Kindred spirits: Flaco Jiménez, Lenny Gomulka, the Klezmatics, Geno Delafose
Show: Saturday at 8 p.m. and Sunday at 3 p.m. at Blob's Park. 410-799-7130. http:/
Can Beethoven's Ninth Symphony be distilled into a three-minute hop-and-spin polka suitable for boozy couples at the local dancehall? Yes it can. Can the Bee Gees' brooding 1967 hit single "Holiday" be juiced up for a fast polka with barking vocals? No problem. Can "Satellite Polka," a standard among East Coast Polish polka bands, be redone as a synth-swathed electronica dance track? You betcha.
All of these miraculous transformations can be heard on "Kikiriki," the new album from Brave Combo, a Texas band of former rock-and-roll and jazz musicians whose love for polka music is as genuine as it is irreverent. The group won the 1999 Grammy for Best Polka Album, despite including a polka arrangement of Jimi Hendrix's "Purple Haze" on the winning disc, "Polkasonic." The band won because it excels at the basic requirements for any polka band: irresistibly danceable and unfailingly joyful.

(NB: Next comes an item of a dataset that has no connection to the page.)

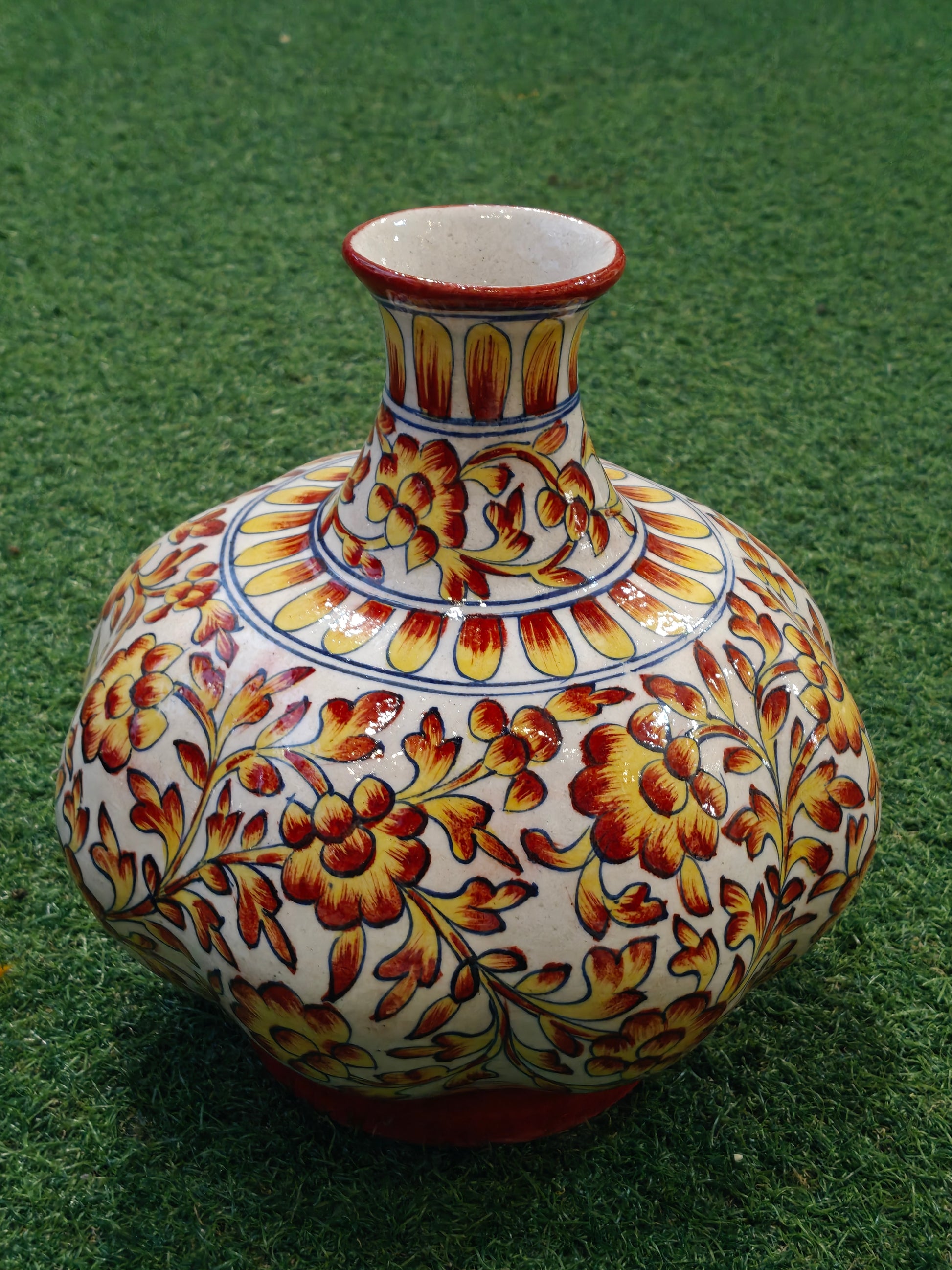 Yellow and white floral blue pottery Handcrafted flower vase

"Kikiriki," Brave Combo's 31st album, meets those requirements again and adds one surprise after another. Accordionist Carl Finch plays the "Polish National Anthem" as a duet with a Texas thunderstorm. Saxophonist Jeffrey Barnes and trumpeter Danny O'Brien turn Frankie Yankovic's 1948 hit "Just Because" inside out with hot solos worthy of the Count Basie Orchestra. The album's title track is actually "The Peanut Polka" redone as a minor-key Balkan, and it's still danceable and joyful.